Там в застенках пытают: говорят истребили уже двадцать миллионов душ. Рубили, жгли, стреляли, вешали, отравляли газами, насиловали, вываривали жир, сдирали кожу для промышленных целей. А Бобу Кастэру чудится: его душевная боль не легче! Человек приспособлен главным образом к физическим страданиям, в душевном плане он почти дитя: вероятно потому что духовно большинство еще младенцы.

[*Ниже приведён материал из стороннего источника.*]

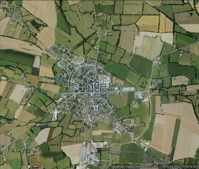 Document : photographie aérienne verticale du centre du bourg d’Aunay sur Odon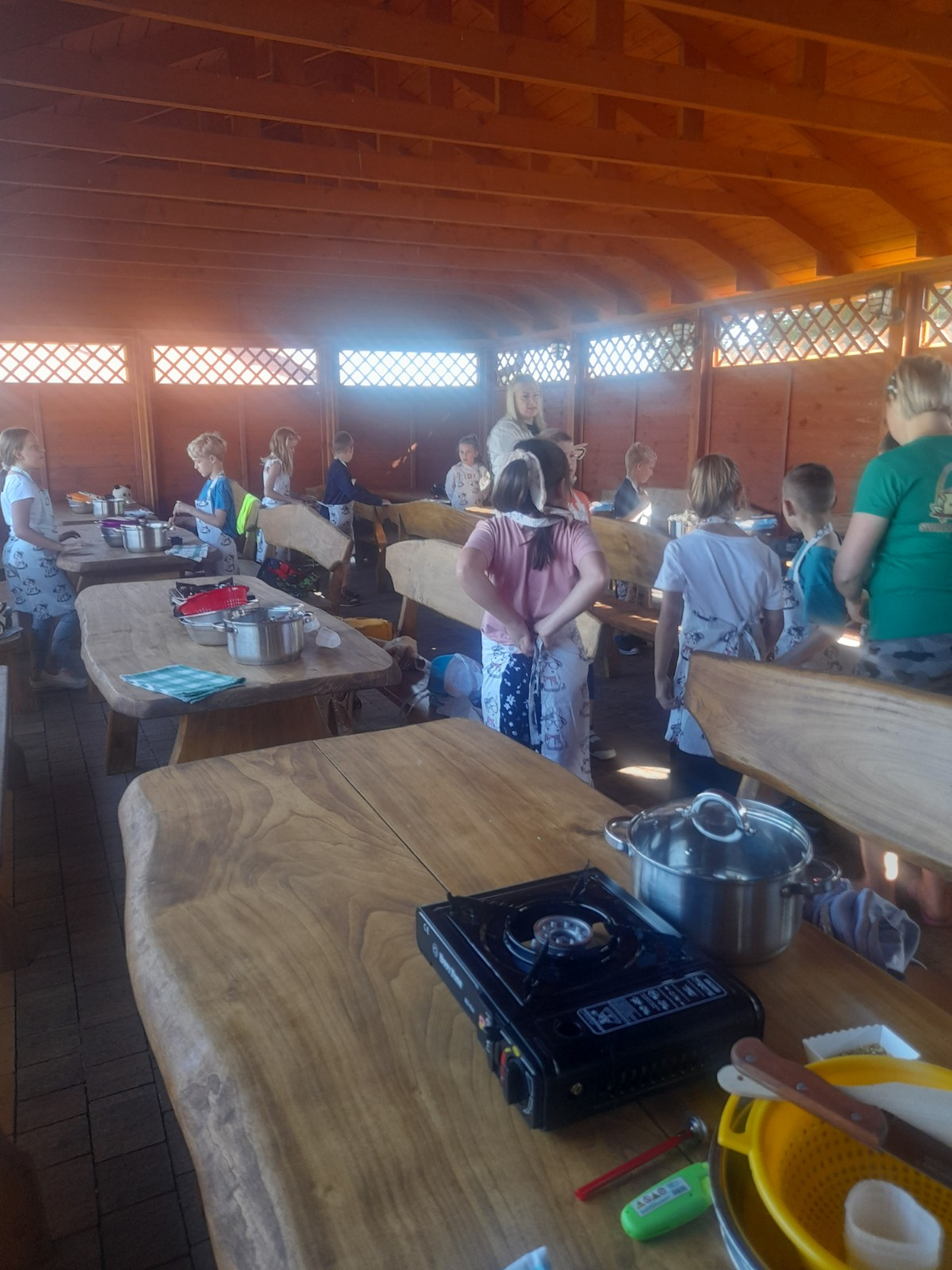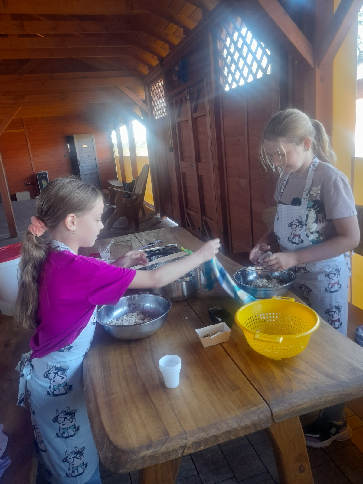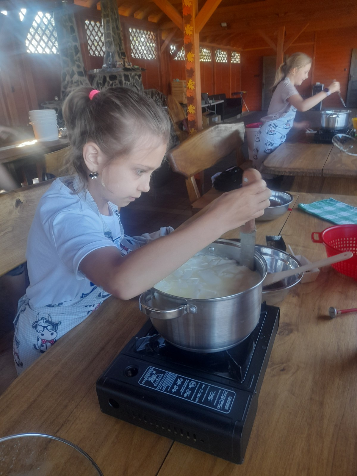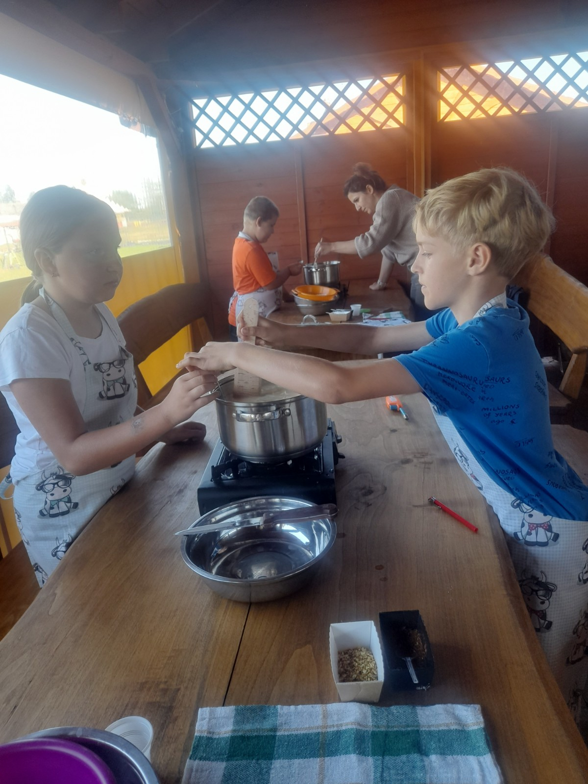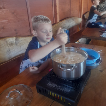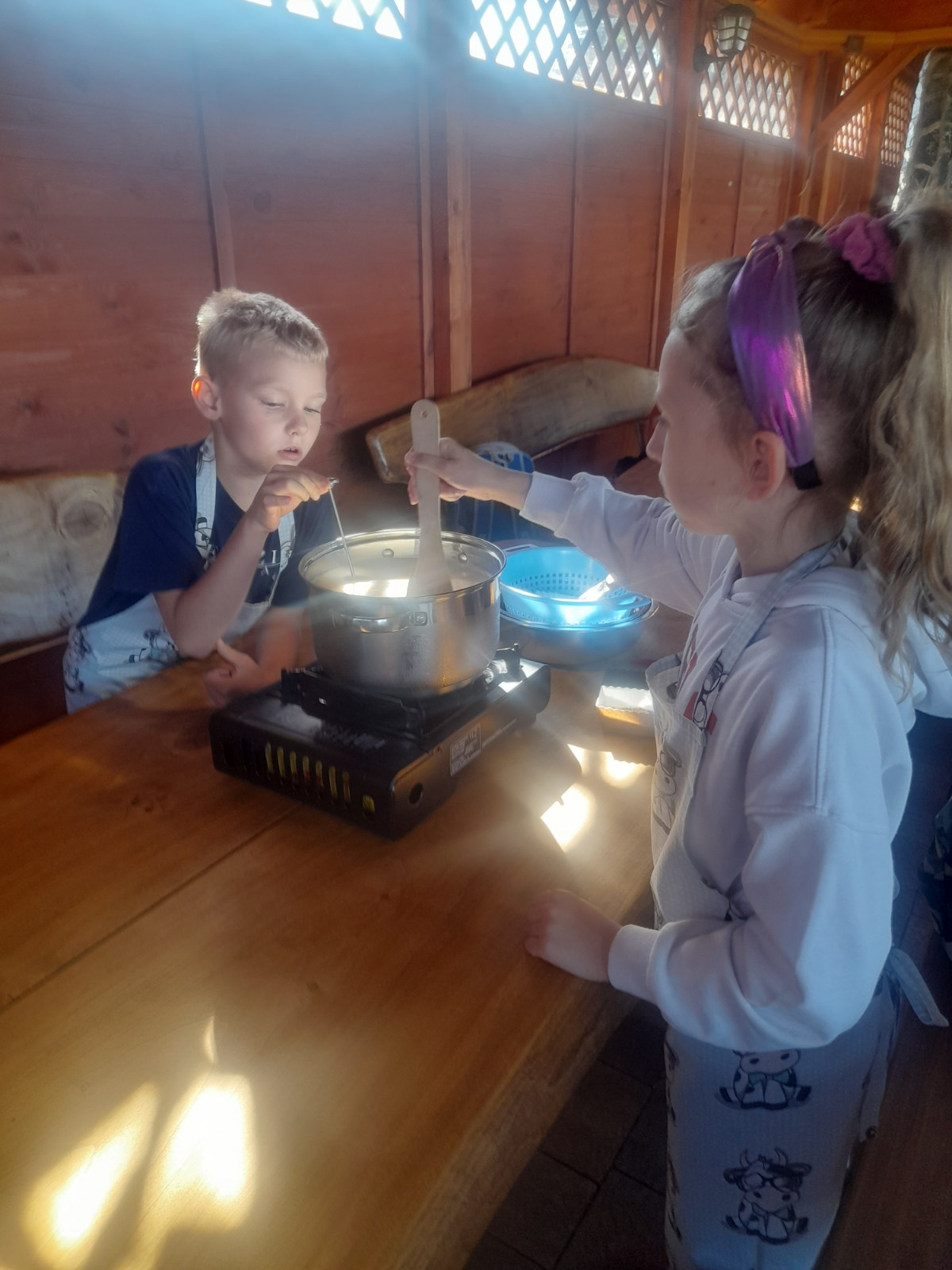 Uczniowie wraz z opiekunami zwiedzali malowniczo położone gospodarstwo agroturystyczne, które zamieszkuje wiele zwierząt. Gospodyni opowiedziała dzieciom o zwierzętach, o ich zwyczajach żywieniowych oraz rytuałach dnia codziennego. Po wyczerpujących wędrówkach dzieci brały udział w warsztatach serowarskich. Poznali proces produkcji sera krok po kroku. Sami też odkryli smak świeżego sera, zrobionego ręcznie w domowej kuchni. Każdy z uczestników mógł spróbować swoich sił w serowarstwie. Kończąc wycieczkę samodzielnie dzieci upiekły sobie kiełbaski na grilu.

«В мире идет борьба с фашизмом, — недоумевающе шепчет Боб. — Но что такое фашизм? Когда плешивый редактор возвращает поэту стихи, под тем предлогом что он их не понимает, или заставляет сократить их, то это фашизм? Когда певец должен превратиться в чревовещателя, а ученый в рекламного жулика, то это фашизм? Когда мужчина имеет двух любовниц, то это фашизм? Когда жена жмет в театре ногу случайного соседа, это фашизм? Когда супруги целуются не желая того, когда врут, воруют, эксплуатируют, пестуют своих детей, а чужих душат? Когда человеку поручают всю жизнь заботиться о пакетах, что он может успешно выполнить только если сам обернется пакетом? Компромиссы, медленное умирание, обесцвечивание и усыхание души и тела, это похуже фашизма. Для того, чтобы бороться с фашизмом, не надо обязательно летать над Берлином или Токио. Я тоже воюю с фашизмом».
19. На углу 53-ей улицы
И самое дикое-что это случилось: Сабина тоже пришла туда — вдруг неудержимо потянуло.
— Боб, Бобик, — вскричала она. — Ты давно уже здесь?
— Не знаю, — опешив ответил. — Я прямо с работы. Который час?
— Около шести.
— С полчаса, что ли.
— Боб, Бобик, — повторяла она, плача и сияя. А потом сказала: — Знаешь, я очень волнуюсь. Ведь уже две недели запоздания.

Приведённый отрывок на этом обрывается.